Then I was ordered to report in person to the Emperor, which I did at Coblentz, and was questioned in great detail about the state of affairs in Mexico. After being granted an opportunity to visit both the western and eastern fronts, I was sent back to Berlin and given the choice of going to Turkey or going back to Mexico. I chose Mexico, and accordingly was sent to England, via Holland, traveling on the American passport issued to Bridgeman Henry Taylor.
I arrived in London Nov. 4, 1914. England was then in the first and most feverish stages of the German-spy-phobia which followed the outbreak of the war, and for four days I thoroughly enjoyed the sensation of tickling the Lion's whiskers, so to speak. Then the Lion suddenly clapped a paw down and I was caught under it.
Nov. 8, 1914, I had gone down to the Horse Guards to watch guard mounting. A crowd had assembled for the spectacular ceremony. In the press a boy stepped heavily on my foot. I had a corn there, it happened, and promptly cursed him in round Mexican fashion, though in English. Recollecting where I was, I was feeling in my pocket for a penny to salve his feelings, when out of the crowd I saw a face turned steadily toward me.
I knew the man at once. He was the friend of a very celebrated Russian dancer, and I had once been instrumental in exposing him, in Germany, as a Russian agent.
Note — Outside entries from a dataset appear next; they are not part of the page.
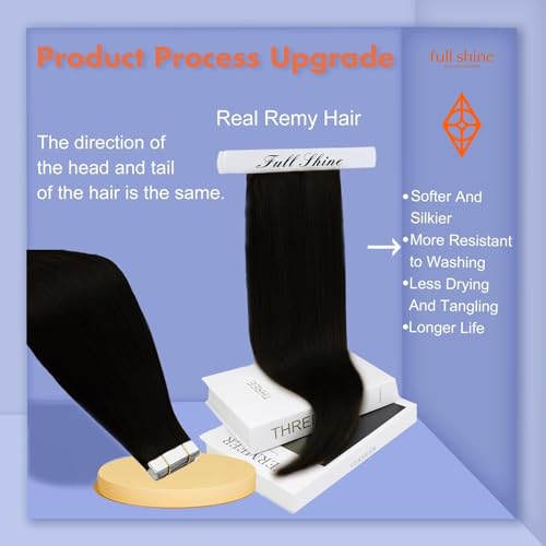 Specification: Full Shine Tape in Hair Extensions Human Hair 18Inch Remy Tape ins Human Hair Extensions Color 1 Jet Black Fashion Extension, Seamless Silky Straight Skin Weft 20Pcs 50G Add Length for Wedding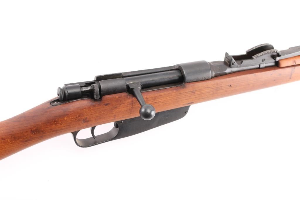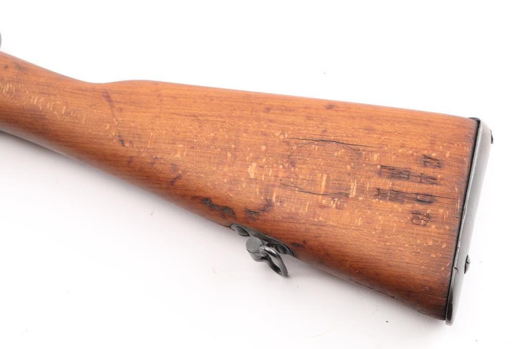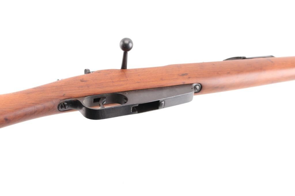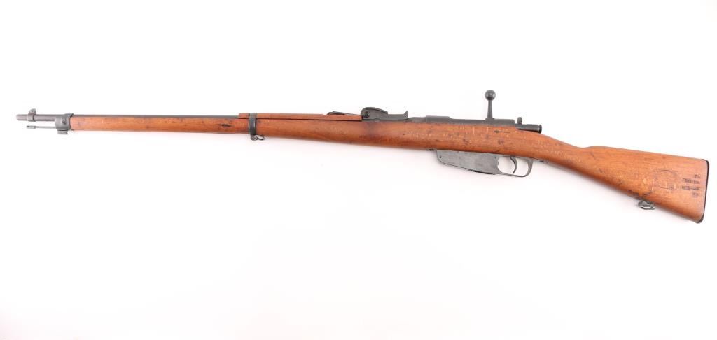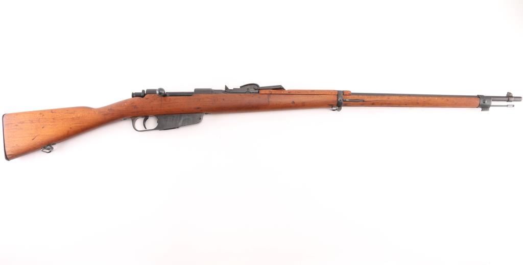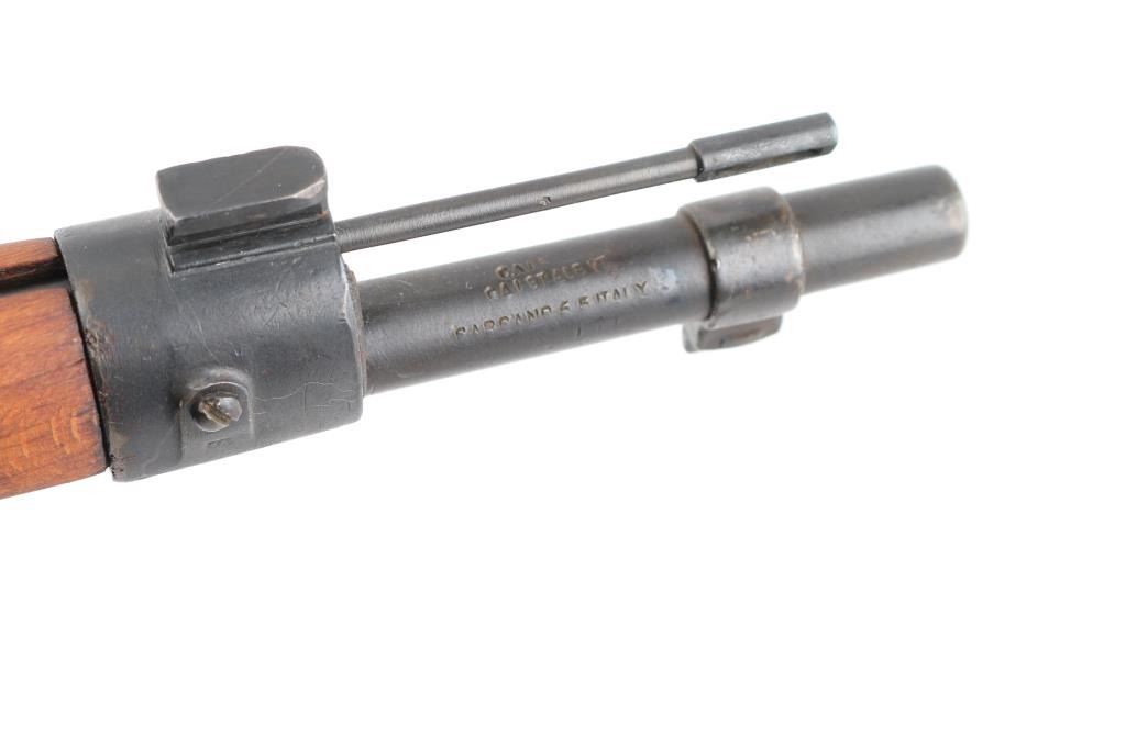 Italian military bolt action rifle, probably manufactured circa 1917. Imported by CAI, St Albans VT. Has crossed rifles "Accuracy Mark" stamped over the chamber. Features 31" barrel, blade front sight, bayonet lug, tangent rear sight, manual safety, sling swivels, wood stocks with almost full length forend & half length handguard, cleaning rod. Bore is fair to good condition with frosting, some darkness, strong rifling. Retains 90% re-blue with visible pitting along wood line of receiver. Wood is sanded, good condition, with gaps around buttplate, loose rear band. Condition is NRA Very Good (as refinished) *** C&R Firearm ***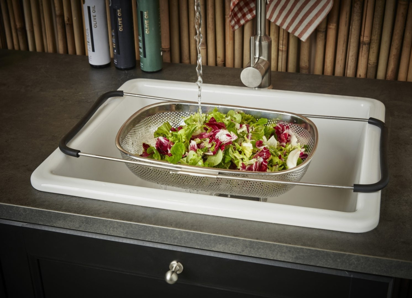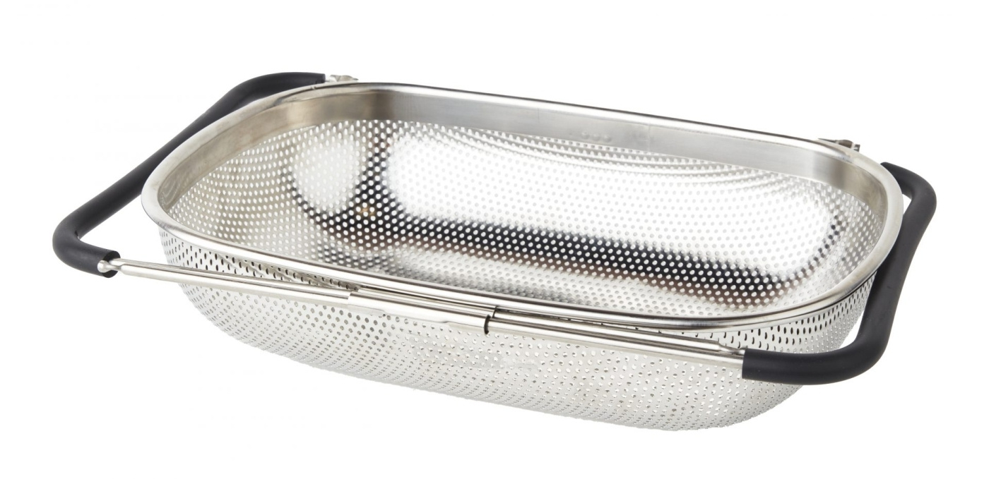 "Käytännöllinen säädettävä siivilä, joka sopii kaikkiin lavuaareihin. Kätevä pastan kaatamiseen, salaatin huuhteluun tai perunan kuorintajätteiden keräämiseen kuorittaessa.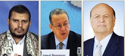 وفي المساعي التي يقودها المبعوث الأممي إلى اليمن، قال مكتب جمال بن عمر، أمس، "إن مساعد أمين عام الأمم المتحدة ومستشاره الخاص لليمن جمال بن عمر يواصل مشاوراته مع مختلف الأطراف والقيادات السياسية اليمنية لإيجاد حل سلمي توافقي للتوتر الحالي في البلاد بناء على مخرجات مؤتمر الحوار الوطني".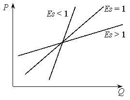 Предложение эластично, если становится, его величина изменяется на больший процент, чем цена. Допустим, что цена на товар повысилась на 5 %, вследствие чего его продажа увеличилась на 10 %. В этом случае коэффициент эластичности предложения составит: Es=10 % / 5 %=2. Предложение неэластично, если оно почти не изменяется при повышении или снижении цен (это характерно для многих товаров в краткосрочном периоде). В зависимости от полученного значения коэффициента эластичности предложения по цене, как и в случае эластичности спроса, могут быть следующие виды эластичности: 1. ES>1, предложение эластично; 2. ES<1, предложение неэластично; 3. ES=1, эластичность единичная; 4. ES=0, предложение совершенно неэластичное; 5. ES=0, предложение совершенно эластичное.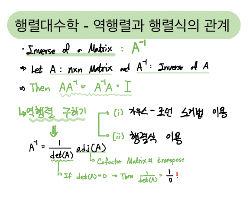 만약 행렬식이 0이라면 $\frac{1}{0}$ 은 정의할 수 없으므로 역행렬 $A^{-1}$ 은 존재할 수 없죠.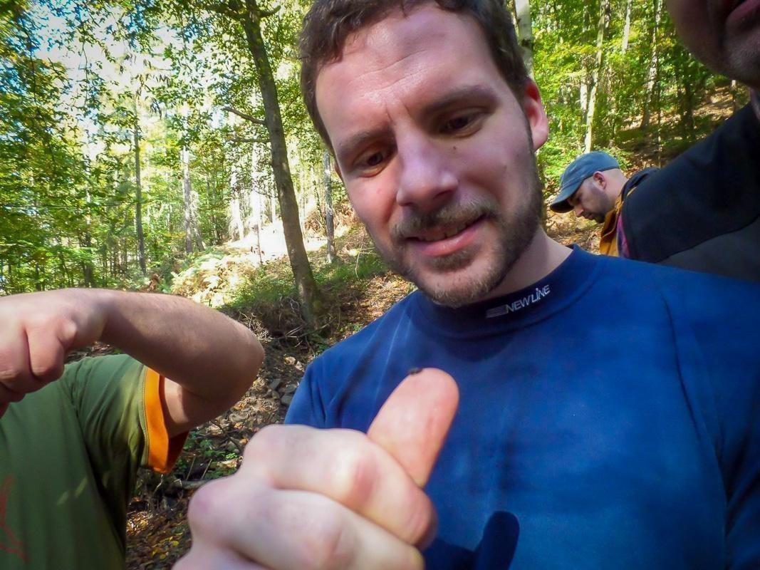 Mann betrachtet seinen Daumen im Wald, Hände von anderen Personen im Hintergrund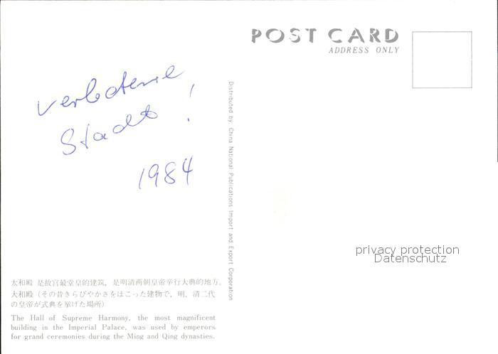 China Verbotene Stadt postalisch nicht gelaufen Erhaltung siehe scans
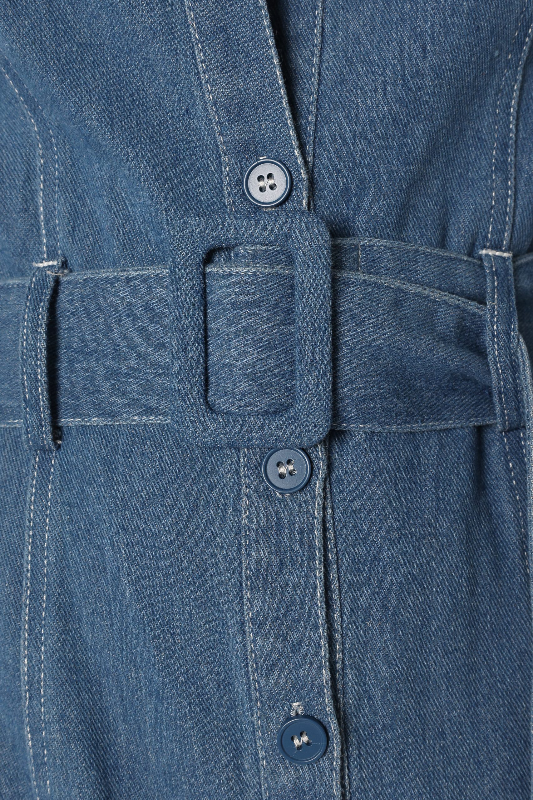 This midi length dress features a v neckline and spread collar. giving it a unique and playful touch. The long sleeves with button close add an element of sophistication. while the functional buttons down the front make it easy to style and wear.

And he assuredly knew my face as well as I knew his. I forgot the penny I was going to give the boy.
What should I do? The man had recognized me and would undoubtedly report his discovery to the proper quarter. But they would have no further proof of anything against me. According to the papers in my pocket-book I was a Mexican officer returning from leave of absence. True, I was traveling on a false passport. But why not? Constitutionalist Mexico had no officials to issue passports just then, and German names on passports were not convenient. Such a deception might have been practised innocently enough, if I could only make the English believe that I was not in German pay and was not in England as a spy.
In a parliamentary White Paper (Miscellaneous No. 13, Series of 1916), you can find this statement:
"Horst von der Goltz arrived in England from Holland on the 4th of November, 1914. He offered information upon projected air raids, the source where the Emden derived her information as to British shipping and how the Leipzig was obtaining her coal supplies. He offered to go back to Germany to obtain the information, and all he asked for in the first instance was his traveling expenses."
This is how it happened. In that brief moment of cogitation in front of the Horse Guards, I saw that my one safe method was audacity and directness, my only hope to tell some sort of a story before my accuser could tell his. So I went direct to Downing Street and the Foreign Office, which was walking into the Lion's jaws with a vengeance. I asked for Mr. Campbell of the Secret Intelligence Department and told him I wished to enter his service. What, he asked, did I claim to have information about? Zeppelin raids, I told him, that being the least harmful subject I could think of, in case my "traitorous" offer should ever come to German ears. No topic was more closely guarded, so I knew I could trust Berlin to realize I was bluffing when I claimed any knowledge of it. Also, it was a topic which vastly interested the English.
The bluff went through to this extent: It left the British authorities thoroughly at sea. My apparent good intent, combined with my Mexican commission and American passport, provided them with a puzzle which would take a good long time solving. The only provable charge they could bring against me was that of being an alien enemy who had failed to register.